L'énigme du retour, Danny Laferrière

Rédigé par Sénami JURAVER, le lundi 09 novembre 2009 à 17h28

Courte est la route qui nous ramène aux origines. Pour Dany Laferrière, la fin de l'exil s'annonce par une sonnerie de téléphone. Ce coup de fil nocturne, qui lui apprend la mort de son père. Déjà, l'esprit se tend vers Haïti.

Après l'enterrement, dans un cimetière de Brooklyn, le fils devra ramener l'âme du défunt jusqu’à Barradères, son village natal. La terre qui couvre notre nombril ne tolère pas l'oubli.
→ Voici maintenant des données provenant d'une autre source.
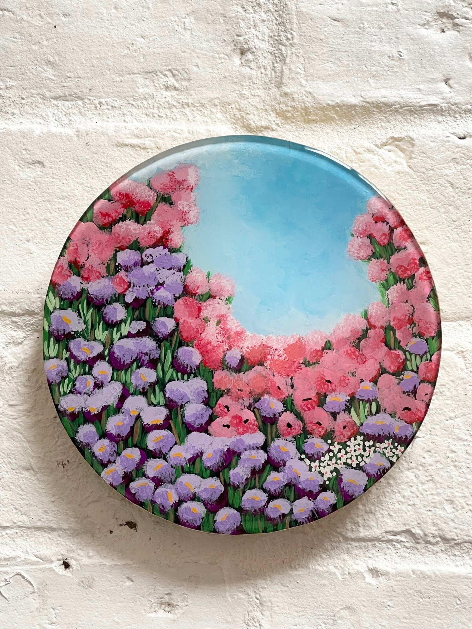 One of a kind original painting. 8" wood panel coated with a shiny coat of resin.
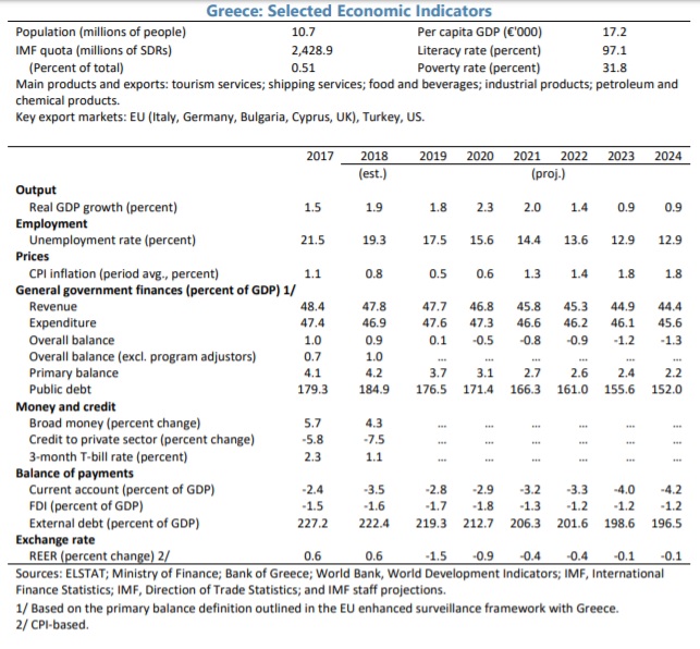 Το Διεθνές Νομισματικό Ταμείο στην εν λόγω έκθεση εκτιμά ότι υπερκαλύπτεται ο δημοσιονομικός στόχος για φέτος (3,7% του ΑΕΠ πρωτογενές πλεόνασμα, βελτιώνοντας την πρόβλεψη κατά 0,2% έναντι των προηγούμενων εκτιμήσεών του) αλλά κάνει σαφές ότι αυτό δεν θα καταστεί εφικτό το 2020 (3,1% πρωτογενές πλεόνασμα) ούτε στη συνέχεια (2,7% με 2,2% πρωτογενές πλεόνασμα από το 20221 έως το 2024), λόγω των ασκούμενων πολιτικών. Πρόκειται για μία θέση με την οποία δεν διαφωνεί μόνο η Αθήνα αλλά και η Επιτροπή που έχει ήδη έχει ήδη επιβεβαιώσει την επίτευξη του στόχου το 2020 και το 2021.
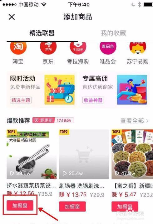 在这里选择并找到自己的商品,然后点击【加入橱窗】。
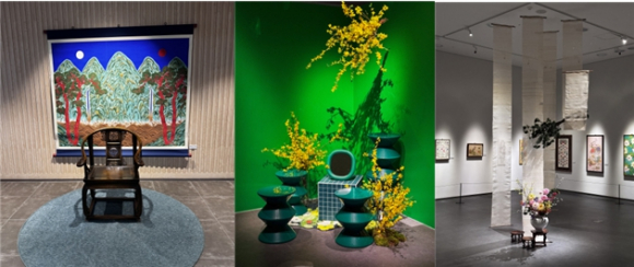 | 봄빛을 닮은 화훼화를 빛나게 하기 위한 다양한 포토존과 연출공간도 마련하였다. 김천시립박물관 1층 로비에서는 전통회화 전시에 어우러지는 어좌와 일월오봉도 포토존을 마련하여 방문객의 눈길을 끌 예정이다. 특별전시실 전시공간 곳곳에는 싱그러운 봄을 담은 개나리 포토존, 그리고 품격있고 우아한 화훼화와 어우러지는 두루마리 포토존 등을 조성하였다.
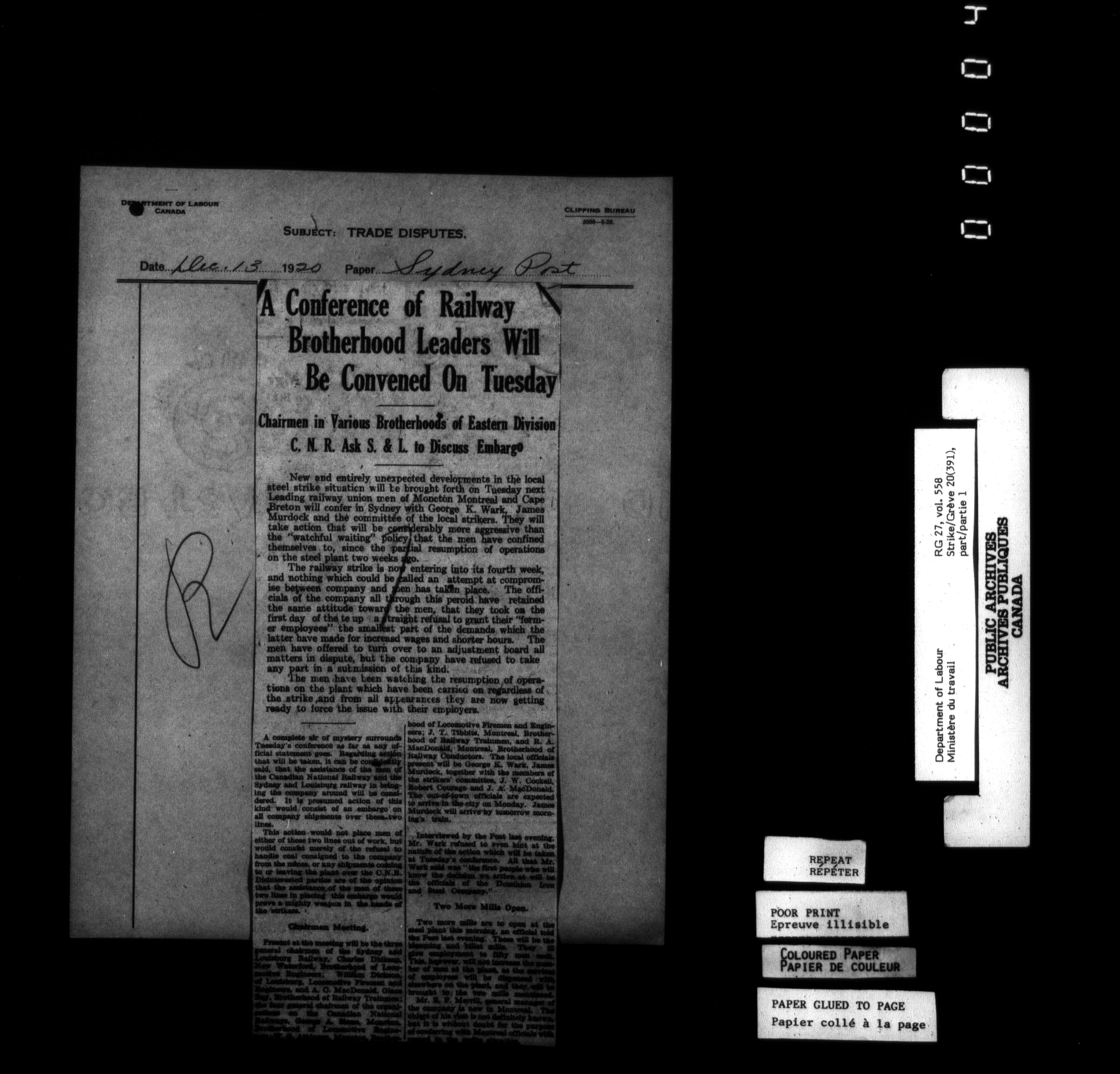 Department of Labour, Economics and Research Branch : Strikes and lockout files - 6177
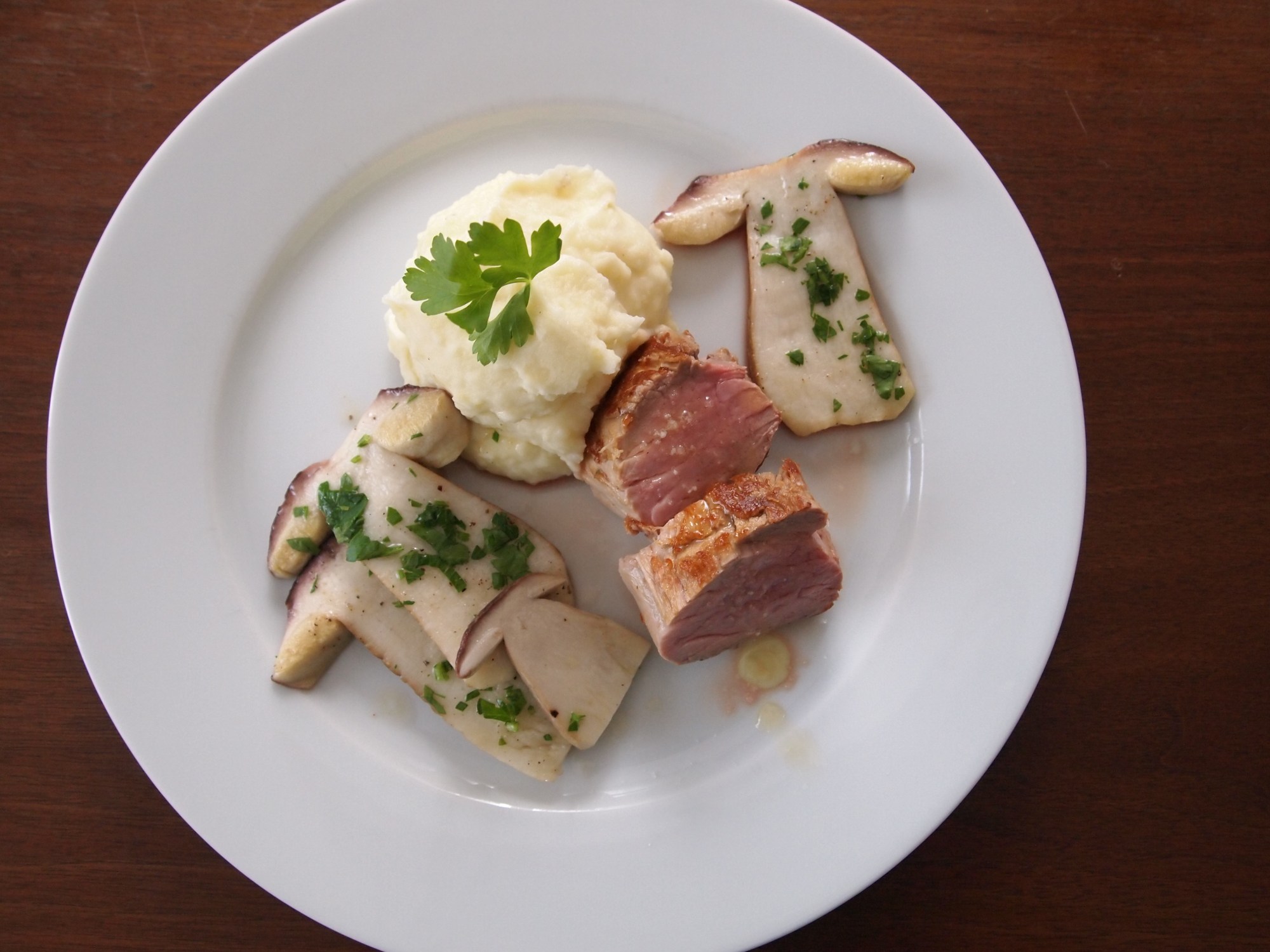 Schweinefilet mit Kartoffelpüree und Steinpilzen

Il suffit de peu à l'exilé pour amorcer le chemin du retour : quelques lignes du Cahier d'un retour au Pays natal, un goût de rhum sur la langue, au fond d'une baignoire, à l'abri du sommeil.

« (…) je continue à faire le même rêve partout dans le monde (…) je tiens à ces rêves... c'est la seule chose qui me reste de ma vie d'avant... » L'énigme du retour possède la saveur douce amère d'un rêve : les bribes qu'on essaie de rassembler à la volée, au réveil, s'apparentent à ces souvenirs engourdis par une trentaine d'hivers à Montréal.

Danny Laferrière
Ils ressurgiront aux rayons de Port au Prince. Mais certaines images du passé supportent mal la comparaison avec le présent : les blessures infligées au pays par les Duvalier ont laissé de vilaines cicatrices. La violence et la misère. Et malgré tout, malgré la faim : l'art, la beauté des nuques fières et cette incroyable énergie.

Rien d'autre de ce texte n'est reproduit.